Without a plot, obviously, there’s no conflict, but there’s always an element of suspense and surprise as the camera—and you along with it—meander with no apparent itinerary. Where will you end up next? Where are you going right now? You may be in a park on the city’s edge one moment, watching a man sell his street art, and wind up in the financial district at sunset as the skyscrapers disgorge their office workers for the evening.
On Wanna Walk’s channel, there are closed captions in 35 languages, sometimes more, so you can eavesdrop on the conversations of passersby even if you don’t speak the language. Kersz has recorded across the world since his initial Mexico City videos: Buenos Aires, New York City, Havana, Santiago, London, Madrid, and more.
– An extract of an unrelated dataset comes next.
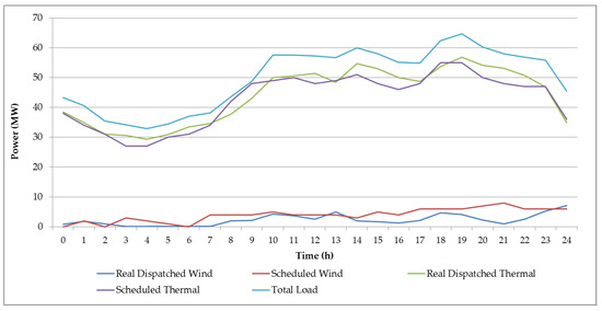 Finally, Figure 7 shows the benefits of the model against the results reported by the ES operator on the same day. It is thus possible to observe that the proposed model propose more wind generation (the scheduling process), in opposition with the real wind dispatched (from ES operator point-of-view), which reflects conventional thermal generation reduction.

There’s a sense of novelty to the approach, but if you peer deeply enough into the past, you can find short films of quiet, lengthy shots on long-gone city streets. For the most part, they’re not saddled with narration because they’re silent movies. It’s as if as soon as people figured out how to add sound to film reels, they figured the audience would always want to hear them talking nonstop.
Making the rounds online in recent years has been 1897’s charming Bataille de neige, an early short film by the Lumière brothers of a snowball fight somewhere in late 19th-century France. Then there’s this short film of 1911 New York City, which doesn’t fit the single unbroken take aesthetic of the modern YouTube walking tours but has a similar fly-on-the-wall mood.
There’s something deeply personal and intimate about these sorts of personal moments in public places, moments we witness every day of our lives, or would witness if we’d snap out of our preoccupations and notice more often. Videos like these encourage us to do that.
I wonder whether it’s because we’re so assaulted by screens that we’ve lost much of our ability and motivation to take enough pauses during the day, and so we compromise by taking those pauses digitally, through our screens, in the way of watching unboxing videos and streams of people eating dinner. It’s still in two dimensions, but it goes down like white bread. Something wholesome and more real, versus all the sugar that is social media and useless clickbait.
In the end, I never made it to Mexico City. Something about a revolution in Sudan and a car blowing up in Arkansas derailed my plans to move the next year. But I must’ve watched those Mexico City videos a hundred times that year. Life was too chaotic to travel, and yet it still feels in my memory like that summer I went to Mexico.